* **TASK**:
Your answer must be an exact copy of the lines from the one containing "Tanner Krolle Air Tag Clochette £180" through the last line of the records below, with no pictures; please include nothing else.

* **GIVEN ENTRIES**:
*****

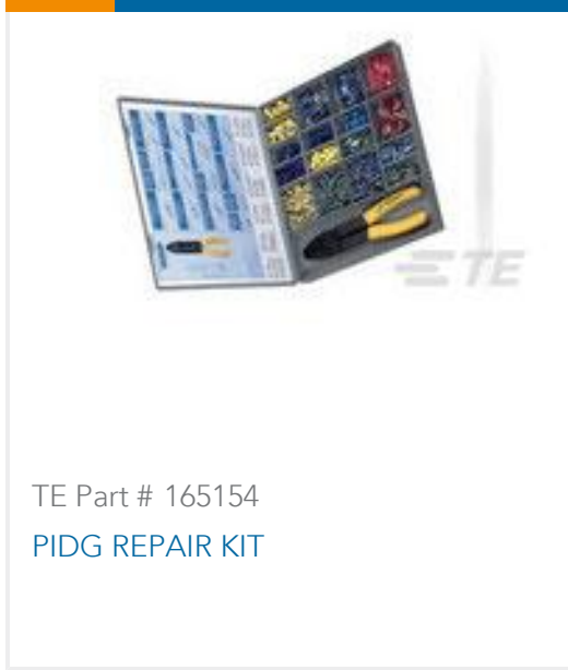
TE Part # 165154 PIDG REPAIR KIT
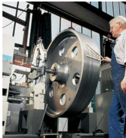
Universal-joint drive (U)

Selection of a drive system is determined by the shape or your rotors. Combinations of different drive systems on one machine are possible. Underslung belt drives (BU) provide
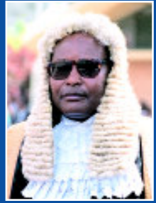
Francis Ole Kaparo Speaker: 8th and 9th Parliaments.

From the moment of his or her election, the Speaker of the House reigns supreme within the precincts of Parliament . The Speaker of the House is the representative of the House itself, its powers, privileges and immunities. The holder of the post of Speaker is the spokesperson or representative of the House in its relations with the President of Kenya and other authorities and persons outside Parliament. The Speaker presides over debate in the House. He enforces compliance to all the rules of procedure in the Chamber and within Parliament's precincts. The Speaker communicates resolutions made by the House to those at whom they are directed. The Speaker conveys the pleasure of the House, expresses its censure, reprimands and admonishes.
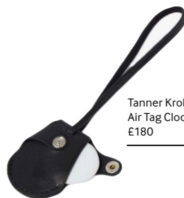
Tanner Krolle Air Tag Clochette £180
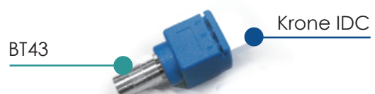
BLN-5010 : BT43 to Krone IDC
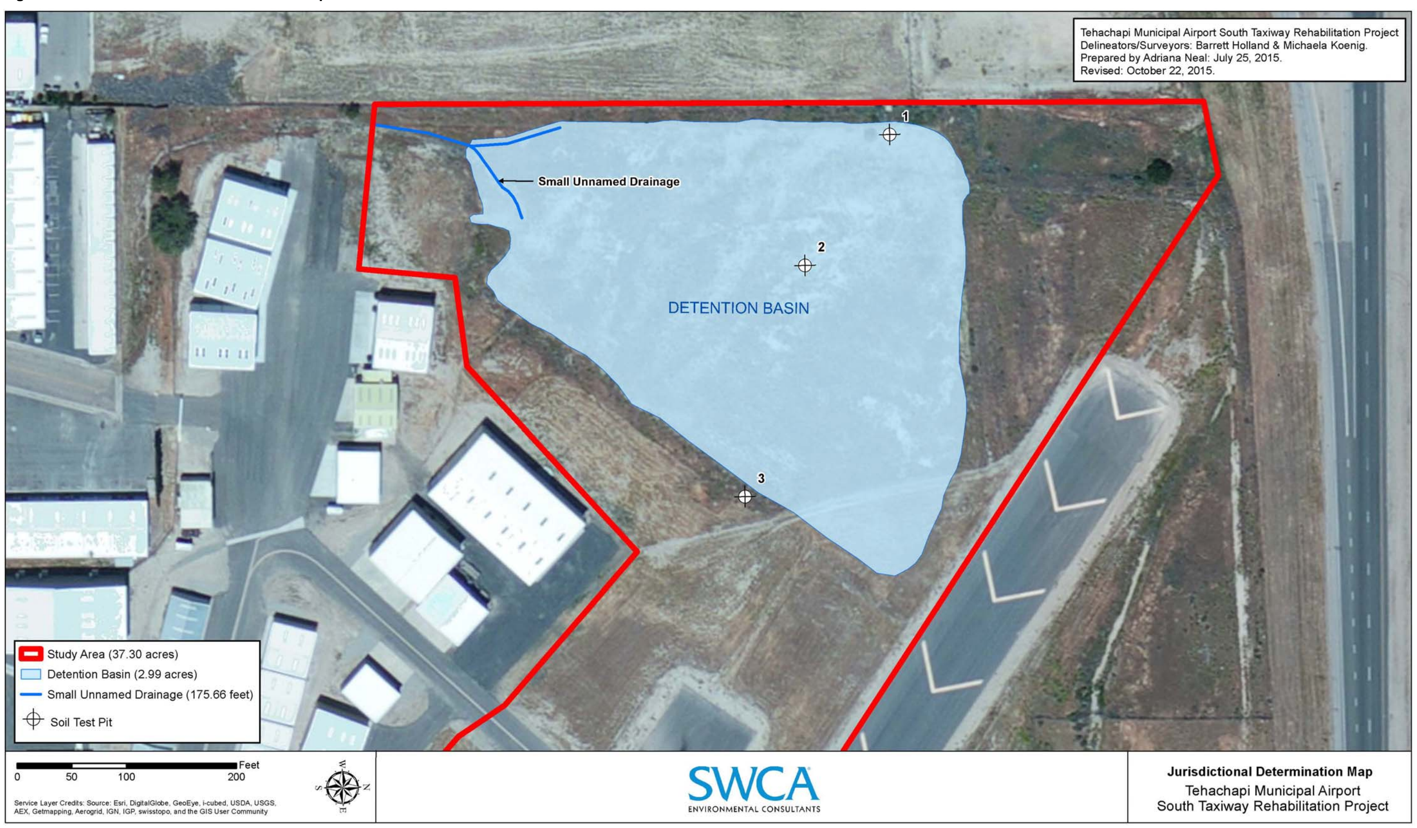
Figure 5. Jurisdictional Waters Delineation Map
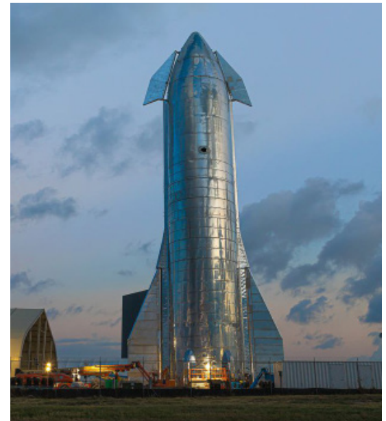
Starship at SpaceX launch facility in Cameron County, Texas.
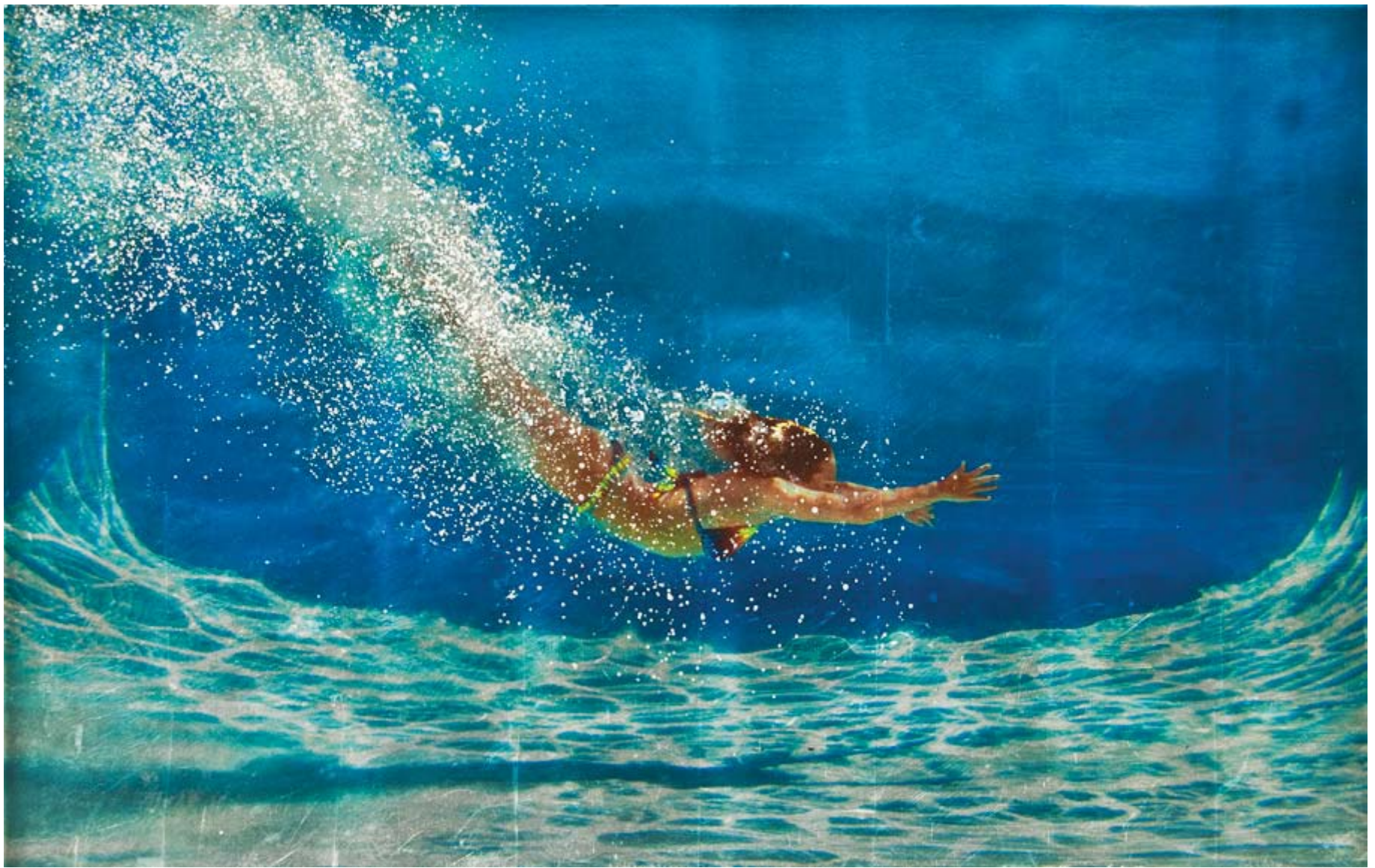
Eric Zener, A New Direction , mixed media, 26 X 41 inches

*****

* **EXERCISE OUTPUT**:
Tanner Krolle Air Tag Clochette £180
BLN-5010 : BT43 to Krone IDC
Figure 5. Jurisdictional Waters Delineation Map
Starship at SpaceX launch facility in Cameron County, Texas.
Eric Zener, A New Direction , mixed media, 26 X 41 inches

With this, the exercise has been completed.